SigSentrySigSentry

Rule types

Error count, error rate, pattern match, and spike detection — when to use each

Every Watchdog rule has one of four types. Pick based on what "something's wrong" looks like in your logs.

Error count threshold

Fires when the number of error-level logs in the lookback window exceeds a fixed count.

FieldNotes
Count thresholdThe number that triggers the alert
Lookback minutesHow far back to count (default 30)

Best for: services with steady, low-error baselines where any spike is interesting. Good first rule for new projects.

Example: "Notify me when checkout-api logs more than 50 errors in 30 minutes."

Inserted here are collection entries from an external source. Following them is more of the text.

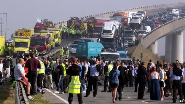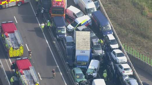 Những hình ảnh về vụ tai nạn 130 ô tô đâm liên hoàn trên cây cầu ở khu vực Kent, Anh:
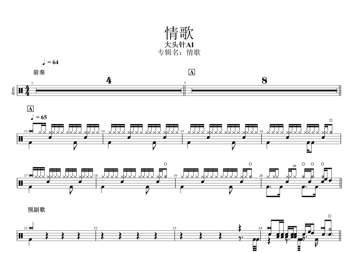 大头针Al《情歌》架子鼓谱
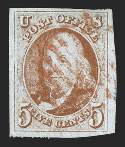 31 O 1d Image#1d, 5c Brown orange, large to huge margins all around, bright color in this distinctive shade, light red grid cancel, extremely fine; an exceedingly choice 1847 Five Cent Brown Orange; 2011 PSAG certificate. (Image) $1,250.00
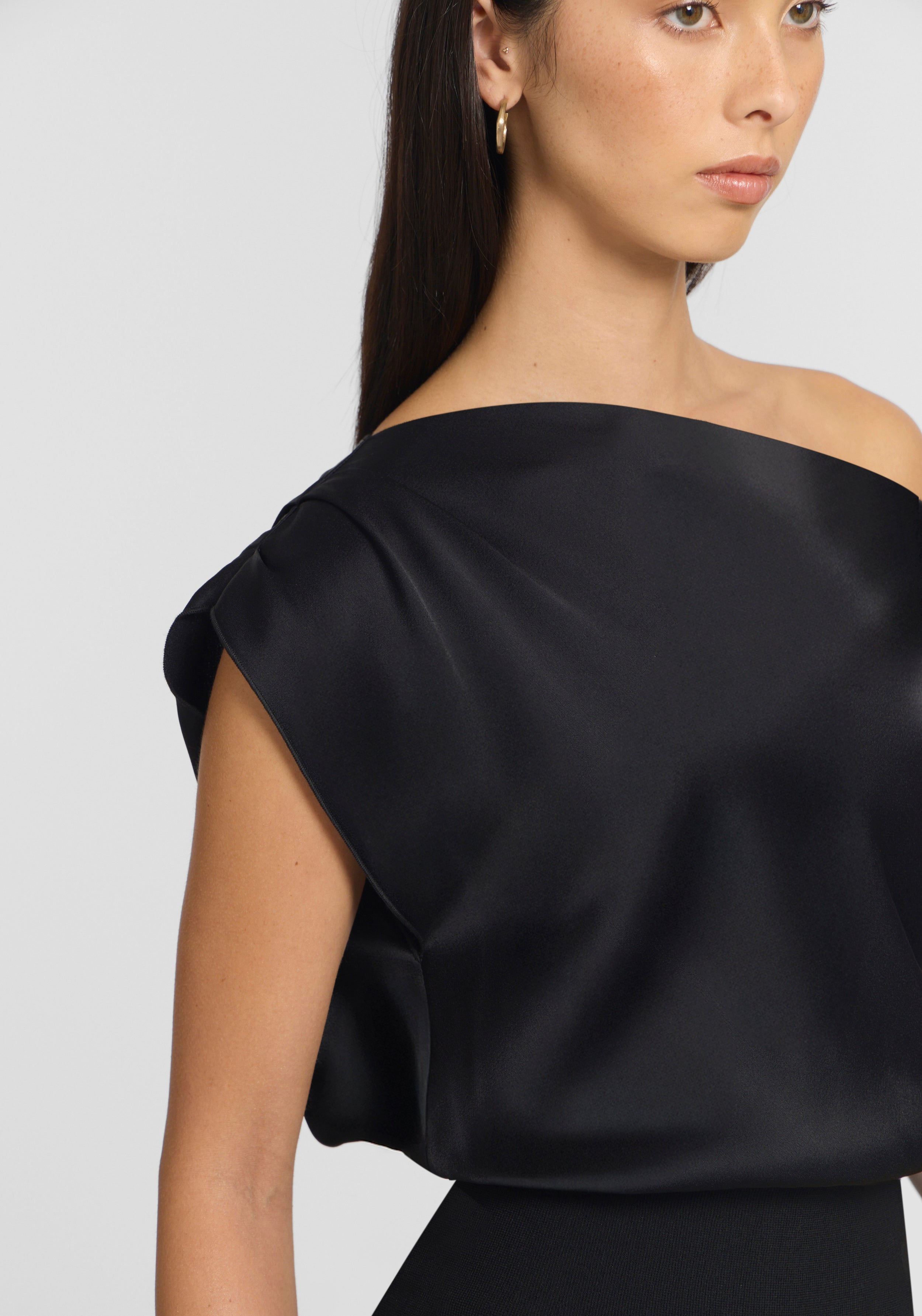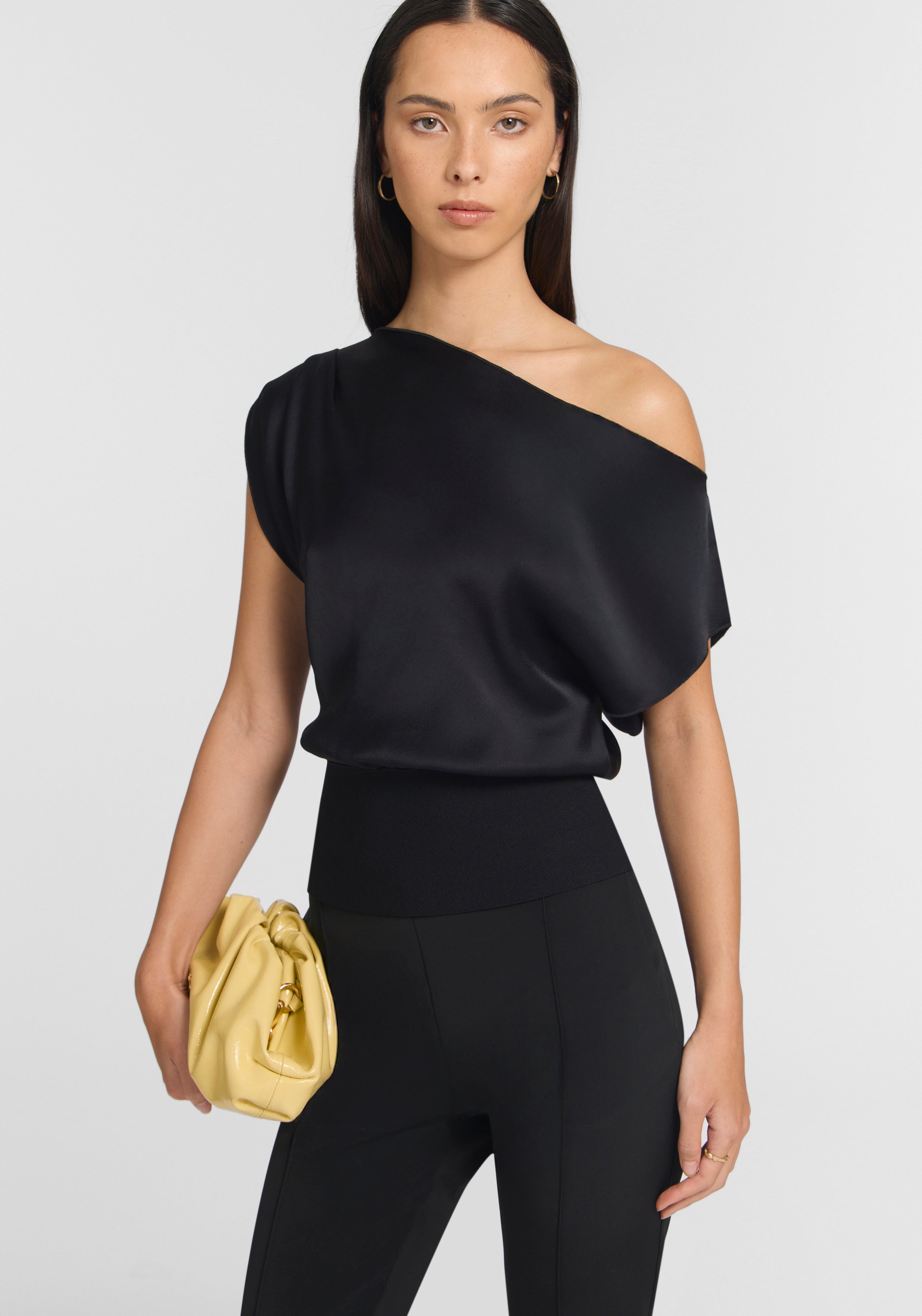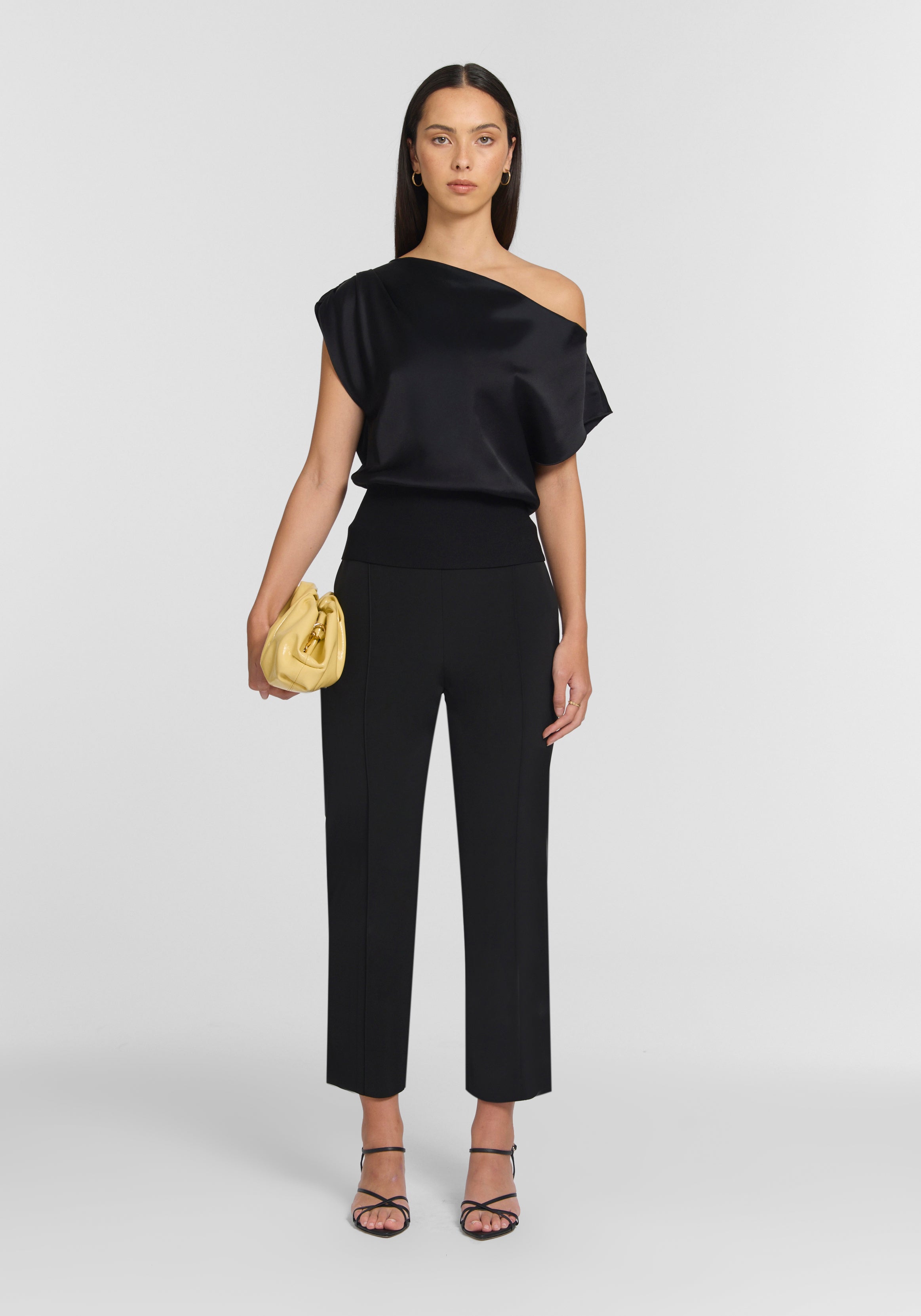 Embrace effortless femininity with the Mabel Top, crafted in classic black. Designed with a soft boatneck neckline, extended shoulders, and subtle tucks for natural drape, it’s finished with a knitted hem panel for a softly sculpted silhouette. Pair with the Javier Skirt for a complete look, perfect for the eventing season.
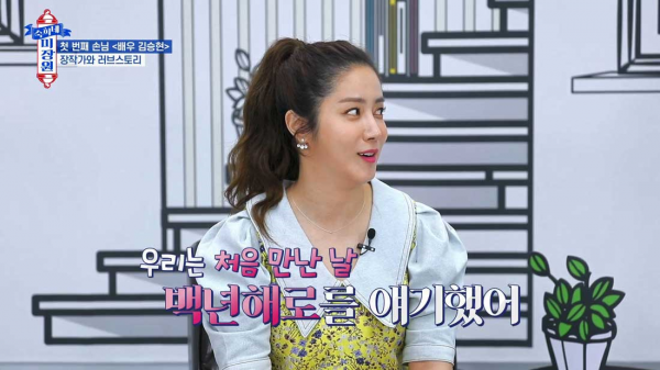 지난 1월 공개 연애 중이던 예능 작가 여자친구와 백년가약을 맺은 김승현은 연애부터 결혼까지 풀스토리를 공개한다. MC 오정연이 프로그램 출연자와 작가의 로맨틱한 만남에 대해 “첫눈에 반했냐”고 묻자 김승현은 “일하는 모습에 호감을 느꼈다”라고 수줍게 답하기도 했다. 특히, 김승현이 처음 연인으로 발전하게 된 계기를 설명하는 과정에서 세 MC는 돌고래 리액션과 함께 높은 집중도를 보였다고.
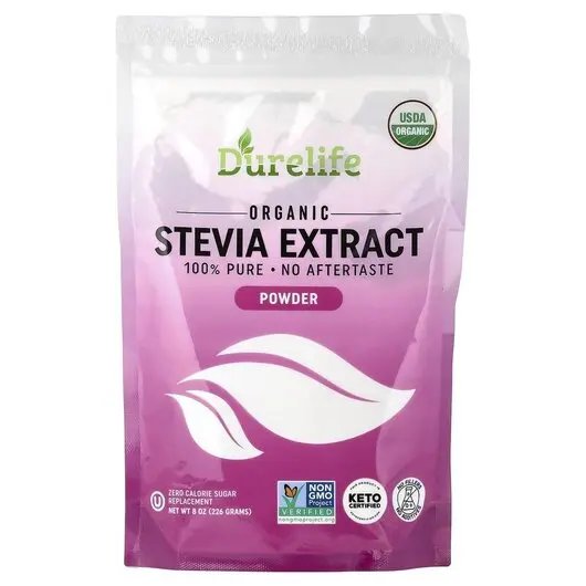 Ощутите природную сладость порошка стевии Durelife, идеального заменителя сахара для здорового образа жизни. Этот бескалорийный подсластитель растительного происхождения идеально подходит для тех, кто придерживается безглютеновой, веганской или кето-диеты. Изготовленный из 100% чистого экстракта стевии, сертифицированного Министерством сельского хозяйства США (USDA) как органический, без добавления наполнителей и добавок, порошок стевии Durelife идеально впишется в ваши рецепты и напитки, придавая им сладкий вкус без горького послевкусия. Он способствует контролю веса и является отличным выбором для диабетиков, позволяя вам наслаждаться сладким без чувства вины.
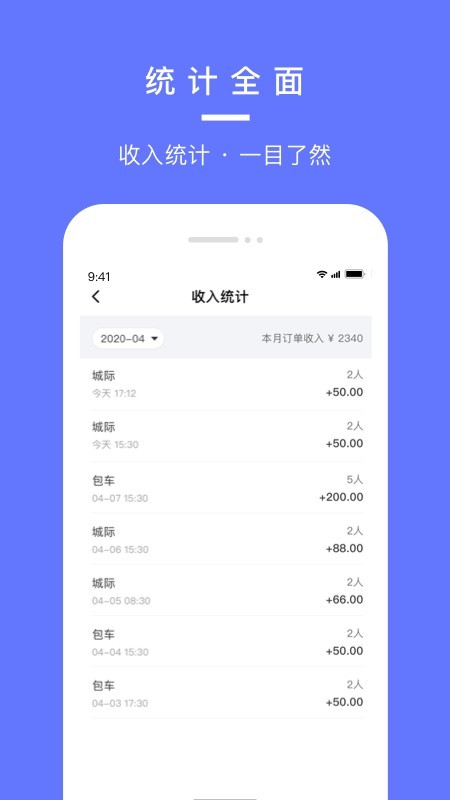 4、统计全面:一目了然,收入统计实时查看。
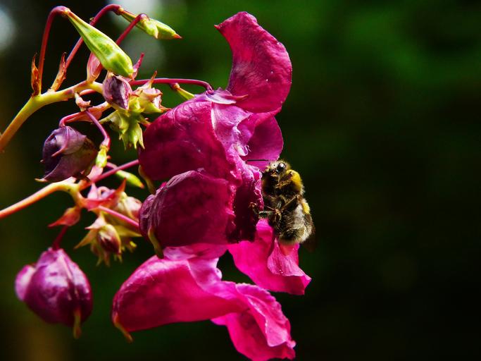 Keywords: indian springkraut himalayan balsam hummel insect annual wild flower red spring herb pink blossom bloom close
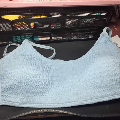 This women's smocked Bralette Bikini Top wild fable light blue is great quality, durable and the design is ok. It fits and very comfortable. Itis easy to hook in the back with hooping that in. It is very supportive and true to size. I just don't like the color as usual. I will probably get another extra color next time and I would recommend. #
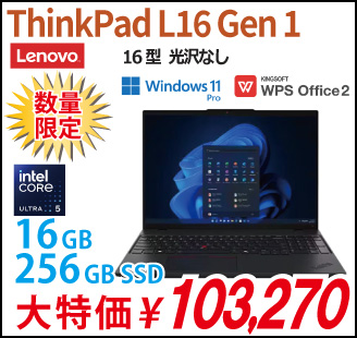 Lenovo ThinkBook 16 Gen 7 AMD ノートパソコン 21MWCTO1WW Windows11 Pro Office付き Ryzen 5 7533HS メモリ32GB SSD512GB 16インチ 再生品Sランク
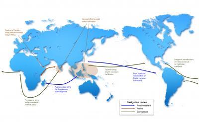 He was in for a surprise. It turned out that there are two clearly differentiated populations of coconuts, a finding that strongly suggests the coconut was brought under cultivation in two separate locations, one in the Pacific basin and the other in the Indian Ocean basin. What's more, coconut genetics also preserve a record of prehistoric trade routes and of the colonization of the Americas.
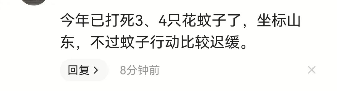 又查了一下“吉林一般什麼季節出現蚊子?”搜索結果是“4月開始出現”。且北方以庫蚊類為主,花蚊相對要少。在天氣還很冷,不該大量出現蚊子的季節,出現本不在當地多見的花蚊子,怎麼看都顯得異常?
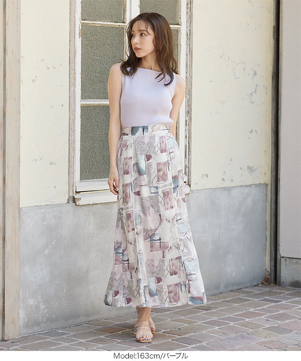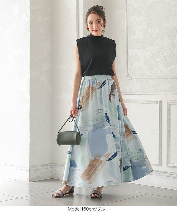 ニュアンス感溢れるアート柄が、コーデの主役になるスカートの登場。
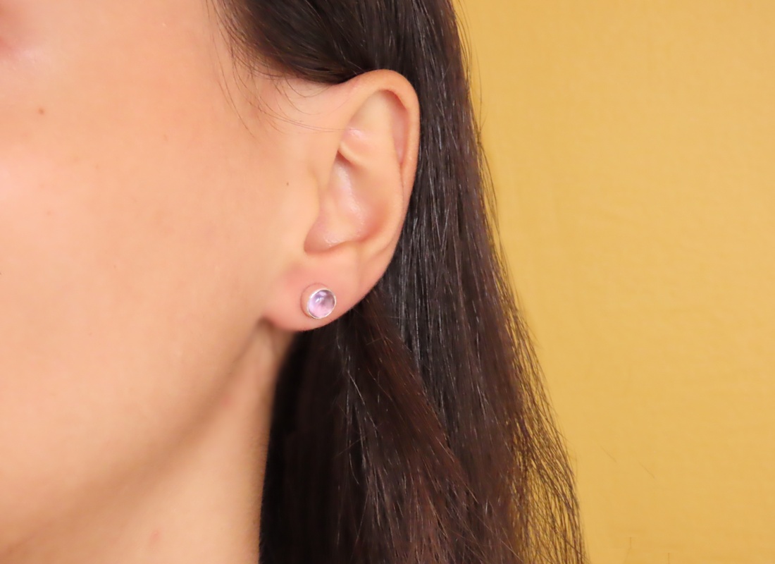 Brinco Caixa Ametista. Brinco articulado, de pino em Prata 950.
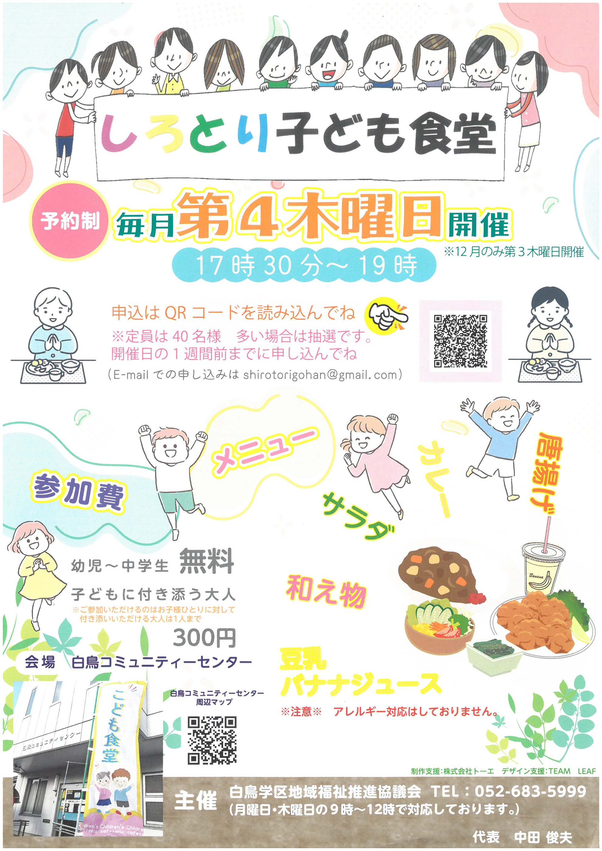 主旨 子どもの孤食を防止し、安心して食事ができる機会を提供することを通じて、子どもの健やかな成育を支援する。 開催日 1回/月 第4木曜日(12月は第3木曜日) 次…
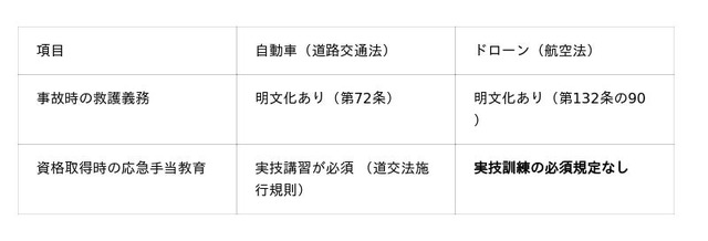 航空法第132条の90は、ドローン運航者に事故発生時の救護措置を義務付けています。違反した場合は罰則の対象となります。一方で、国土交通省が定める登録講習機関(国家資格取得コース)のカリキュラムには、応急手当の実技訓練を必須とする規定が存在しません。「救護義務はある。しかし、学ぶ仕組みがない。」この矛盾がドローン現場の現実です。
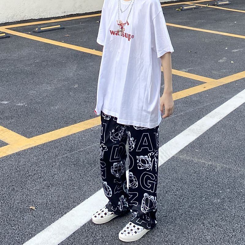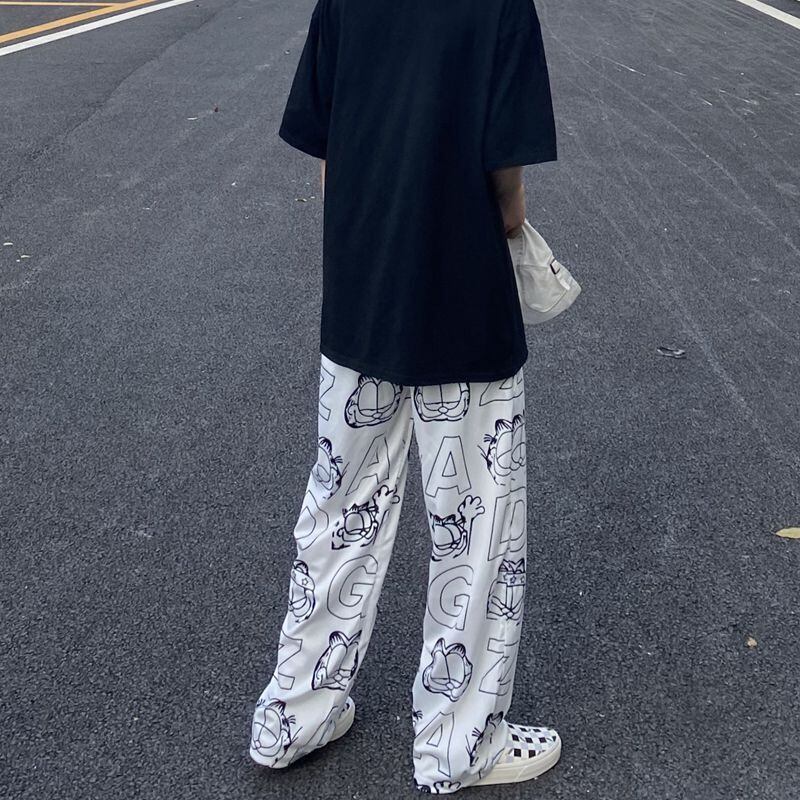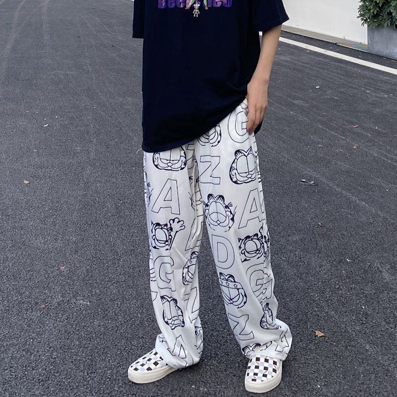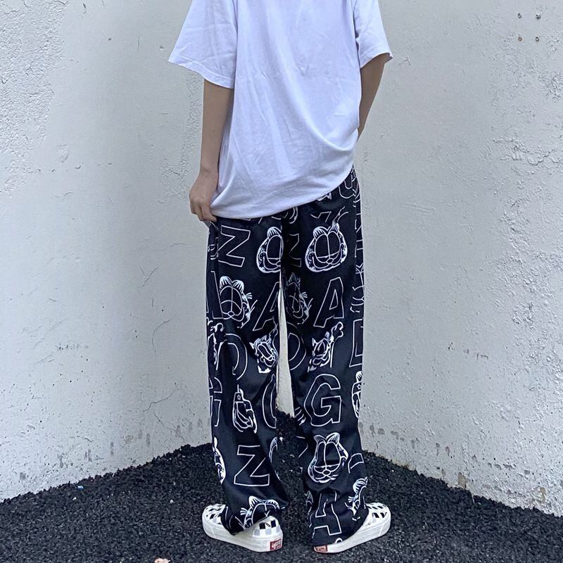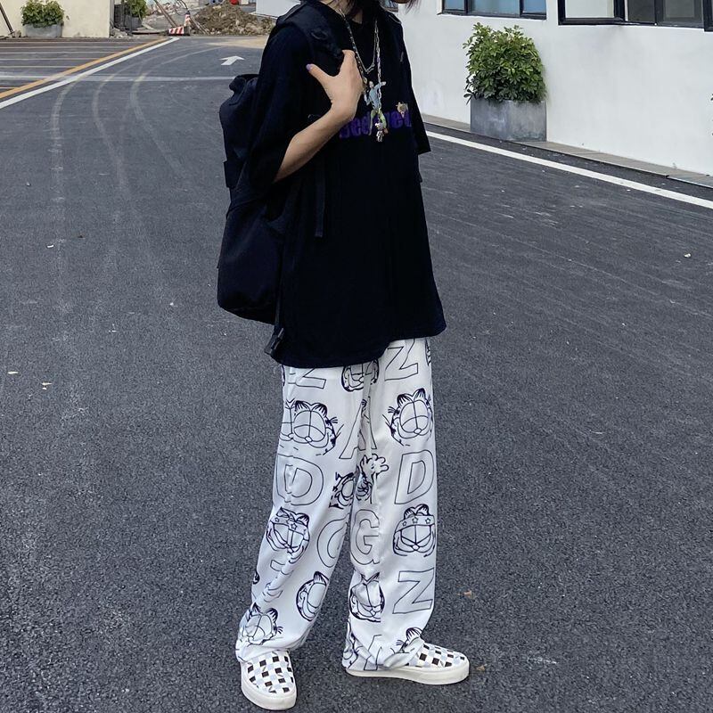 パンツ レディース夏服トレンドスタンダードプリント韓国ファッションルーズ薄手ハイウェスト レトロ 夏物 スタイル ウエスト デーモン9782370

Count thresholds don't account for traffic — at peak load, even a healthy service might exceed the threshold. Use error rate if your traffic varies a lot.

Error rate threshold

Fires when the ratio of error logs to total logs exceeds a percentage.

FieldNotes
Rate thresholdDecimal between 0 and 1 — e.g., 0.05 for 5%
Min error countFloor below which the rule won't fire even if the rate is exceeded (default 5) — prevents false positives at low traffic
Lookback minutesHow far back to evaluate (default 30)

Best for: services with variable traffic where the proportion of errors matters more than the absolute count.

Example: "Notify me when checkout-api error rate exceeds 5% over 30 minutes — but only if there are at least 20 errors total."

The min-error-count guard is important. Without it, a service that saw 1 request and 1 error would have a 100% error rate and trigger the alert.

Pattern match (regex)

Fires when any log line in the lookback window matches a regex pattern.

FieldNotes
PatternsOne or more { label, regex } entries — first match fires the rule
Lookback minutesHow far back to scan (default 30)

Best for: known-bad strings you've seen before — circuit-breaker trips, OOM, specific error codes, deprecated API hits.

Example patterns:

{ label: "OOM", regex: "OutOfMemoryError|java.lang.OutOfMemoryError" }
{ label: "Stripe failure", regex: "stripe.*Connection refused" }
{ label: "Deprecated endpoint", regex: "DEPRECATED_API_HIT" }

The label is what gets shown in the alert. Regex is evaluated against the log message field.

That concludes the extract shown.